Tag Archives: supply chains

No, the Shift to Renewables Will Not Be the End of Toil

Energy derived from sources like the sun, air, and water, on the other hand, is imbued with immense liberatory potential. In principle every house, farm, and factory could free itself from the grid by generating its own power. No longer would power lines and gigantic, leak prone tankers be needed for the transportation of energy; no longer would workers have to toil in underground mines or remote deserts or rough seas; there would be no need for the long supply chains required by fossil fuels. (Amitav Ghosh, The Nutmeg’s Curse, p. 102, emphasis mine)

Context makes it clear Ghosh is thinking of coal mining, oil fields, and offshore platforms when he dreams of a world where workers no longer toil. But in his reverie, Ghosh neglects an important and undeniable feature of renewable energy: it is mining intensive.

The IEA sees demand for critical minerals surging from 2020-2050 even as the demand for and value of coal drops. In green growth scenarios, workers will likely have to keep toiling in mines as they now do in Chile’s Atacama desert, the cobalt mines of the Democratic Republic of Congo, or the copper and nickel mines of South Asia, South America, or Siberia. The list of potential sacrifice zones will grow and could someday extend from American public lands to offshore oil platforms converted to deep-sea mining.

This observation is not an argument against the transition from fossil fuels. It’s just to say that right now there are no signs the shift to renewables will undo the resource curse. Extraction for global markets continues to exact a local toll: serious human rights violations, unremediated (or irremediable) environmental destruction, conflicts over water (which Ghosh himself mentions briefly in a list of “conflicts that global warming will create or exacerbate,” p. 127), and social division.
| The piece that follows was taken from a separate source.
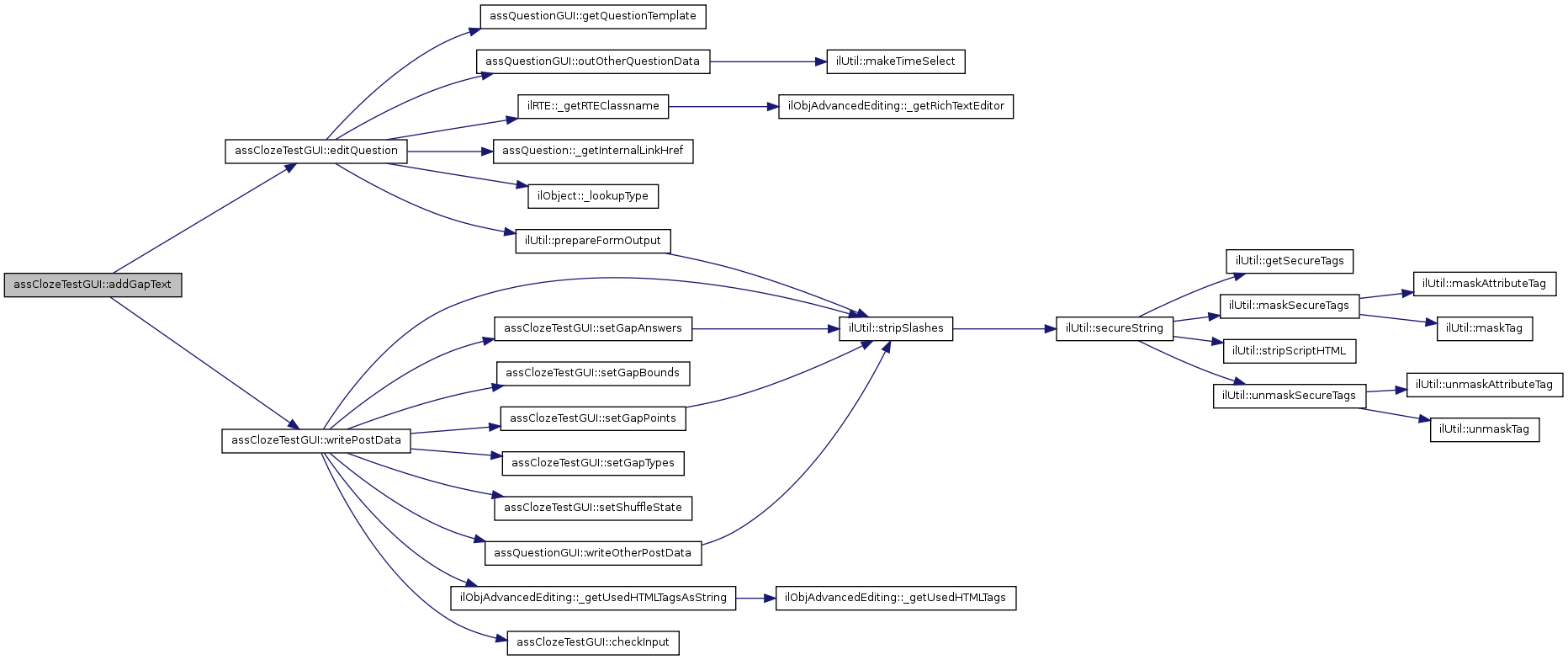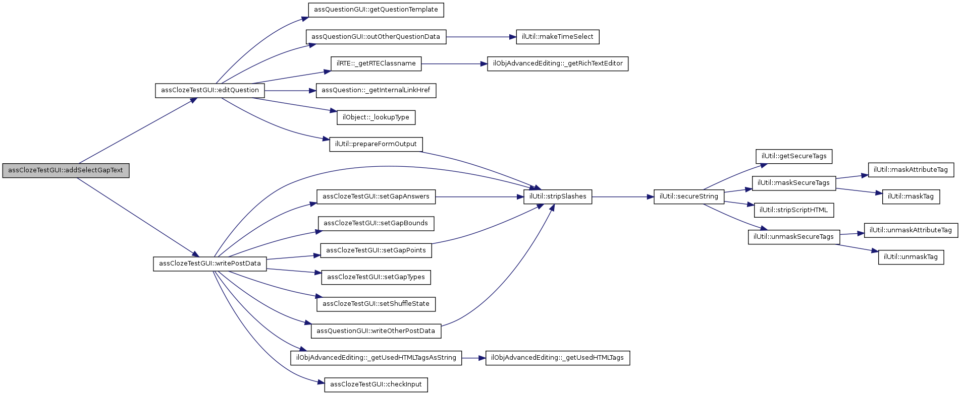 Here is the call graph for this function:| assClozeTestGUI::addSelectGapText | ( | ) |

And for the foreseeable future, mineral supply chains will be nearly as long as those required by fossil fuels, strung across the globe and fraught with geopolitical tension.

A decisive shift from fossil fuels could see the end of the petro-dollar and the toppling of “global hierarchies of power,” as Ghosh imagines: “The liberatory potential of renewable energy has a very important international dimension as well: if adopted at scale it could transform, indeed revolutionize, the current global order” (p. 103). It could also precipitate another set of crises – environmental, humanitarian, and military — and it’s worth considering that eventuality.

Postscript, 20 January 2022: For more on the geopolitical risks of the energy transition, see Jason Bordoff and Meghan L. O’Sullivan, “Green Upheaval The New Geopolitics of Energy,” Foreign Affairs, January/February 2022.

The Social Costs of the Hardware Revolution – A Postscript

For now, this can be only a short postscript to what I had to say earlier today about the CNN Money article by John Hagel and John Seely-Brown on “the hardware revolution.” It has to do with a question that occurred to me as I read, and to which I don’t yet have anything like an adequate answer. That will take some research. But I at least want to articulate the question.

Startups and smaller companies can now play in the hardware space in part because the barriers to entry have been lowered, Hagel and Seely-Brown observe. There are a number of factors at work here. New and cheaper technologies from 3D printers to more user-friendly software put the design and manufacture of hardware within reach of smaller companies. And “a new class of factories” will produce the smaller orders that new entrants and entrepreneurs typically require:

New infrastructural elements have also helped new hardware products move from the hobbyist’s basement to the startup garage. Before, to get a contract manufacturer’s attention, you had to commit to producing high volumes (say 50,000 or more units). But a new class of factories — mostly in China and Mexico — will manufacture batches as small as 5,000 units. By filling low-volume orders, these factories have filled an important structural hole in the market: They allow entrepreneurs to launch new products for small consumer groups with little investment.

My question is whether conditions and, for that matter, sourcing practices in this new class of factories, and the more fluid hardware market they serve, are not going to be terribly difficult to monitor. We’ve seen how challenging it is even to ensure fair labor practices in large-scale manufacturing facilities in China used by major global technology brands; now, as smaller-scale manufacturing facilities proliferate and Mexico becomes a technology “quicksourcing” destination for American companies, the problem will no doubt be aggravated.

The reasons for this are probably obvious. I would frame the issue in a few ways. First, how much visibility do these smaller players actually have into their supply chains? Second, how much leverage do they actually have with their manufacturers, since they are only placing small orders, and, depending on their success, may or may not be repeat customers? Third, there’s a question about whether these small businesses — the small hardware startups placing orders and, for that matter, the manufacturing facilities taking them — have the capacity to take on the human rights challenges that seem inevitably to accompany outsourcing.

In other words, the social costs of the hardware revolution deserve some careful consideration.